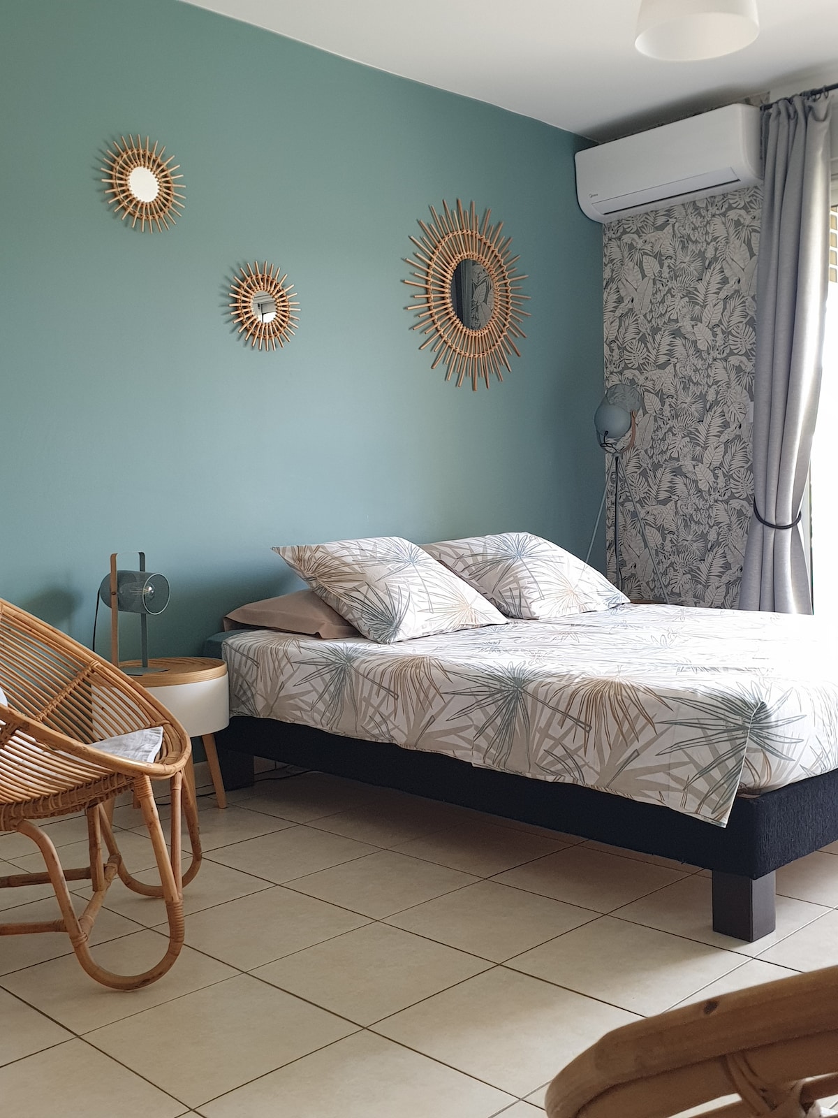 T2 jardin refait à neuf à 200m du lagon, il permet d'accueillir de 2 à 4 personnes. idéal pour un couple avec 2 enfants. L'appartement est entièrement climatisé connexion WIFI/TV 1 varangue spacieuse avec un agréable extérieur avec coin repas/apéro et jardinet. Cuisine entièrement équipée, frigo américain, four et micro onde, cafetière, lave vaisselle) 1 chambre avec un lit double 140/ 190cm, possibilité de fournir le matériel de puériculture (lit BB, chaise haute, porte bébé rando)
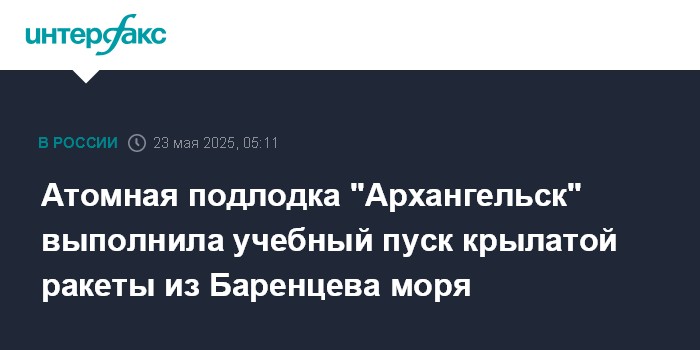 Москва. 23 мая. INTERFAX.RU - Атомная подводная лодка (АПЛ) "Архангельск" в рамках учения в Баренцевом море нанесла удар крылатой ракетой "Калибр" по полигону Чижа в Архангельской области, сообщил в пятницу Северный флот.
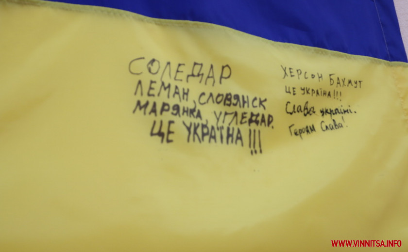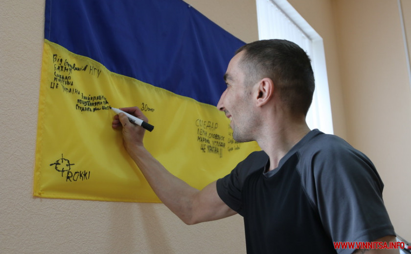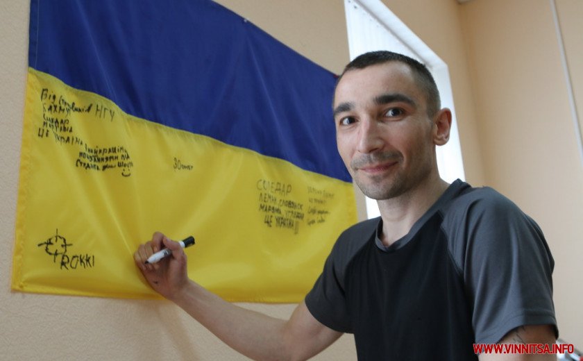 Військовий продемонстрував, як він встає із візка. Він підвівся, щоб підписати та залишити побажання на українському прапорі. Його до слова, медичному закладу подарували військові.
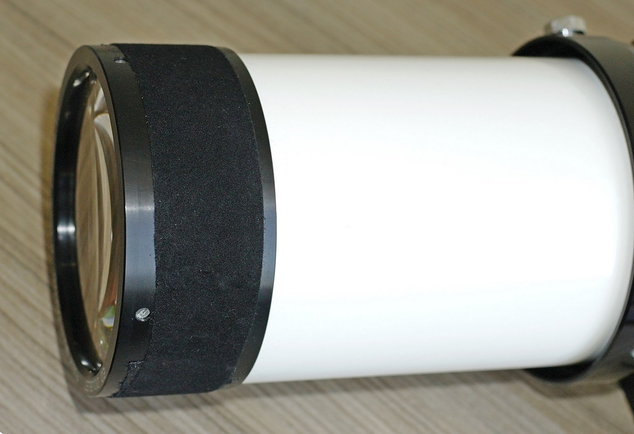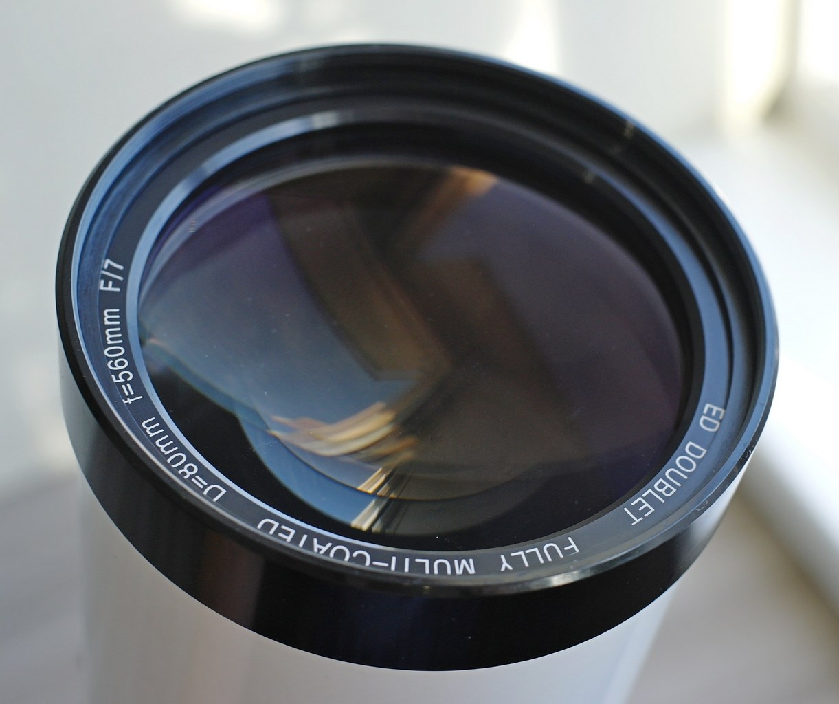 Объектив телескопа состоит из двух линз с очень тонким воздушным промежутком. Первая по ходу света линза положительная из ED стекла. На линзы объектива нанесено многослойное просветляющее покрытие. Блики неяркие, приглушенные. Наружные поверхности линз имеют зеленоватый цвет, внутренние голубовато-зеленый. Торцы линз зачернены. При снятой бленде-противоросснике на оправе можно увидеть юстировочные винты объектива. Их четыре пары и большая часть из них заклеена полосой из черного фетра, служащей для уплотнения положения бленды относительно трубы. При необходимости эту полоску не сложно отклеить для выполнения юстировки и затем приклеить на прежнее место.
* * *
### [YOUR OBJECTIVE]
Leaving out the pictures, restate each line of the listing above verbatim, from the opening line to the line bearing "Військовий продемонстрував, як", inclusive, and no more.

### [SOLUTION FOR THIS TASK]
 T2 jardin refait à neuf à 200m du lagon, il permet d'accueillir de 2 à 4 personnes. idéal pour un couple avec 2 enfants. L'appartement est entièrement climatisé connexion WIFI/TV 1 varangue spacieuse avec un agréable extérieur avec coin repas/apéro et jardinet. Cuisine entièrement équipée, frigo américain, four et micro onde, cafetière, lave vaisselle) 1 chambre avec un lit double 140/ 190cm, possibilité de fournir le matériel de puériculture (lit BB, chaise haute, porte bébé rando)
 Москва. 23 мая. INTERFAX.RU - Атомная подводная лодка (АПЛ) "Архангельск" в рамках учения в Баренцевом море нанесла удар крылатой ракетой "Калибр" по полигону Чижа в Архангельской области, сообщил в пятницу Северный флот.
 Військовий продемонстрував, як він встає із візка. Він підвівся, щоб підписати та залишити побажання на українському прапорі. Його до слова, медичному закладу подарували військові.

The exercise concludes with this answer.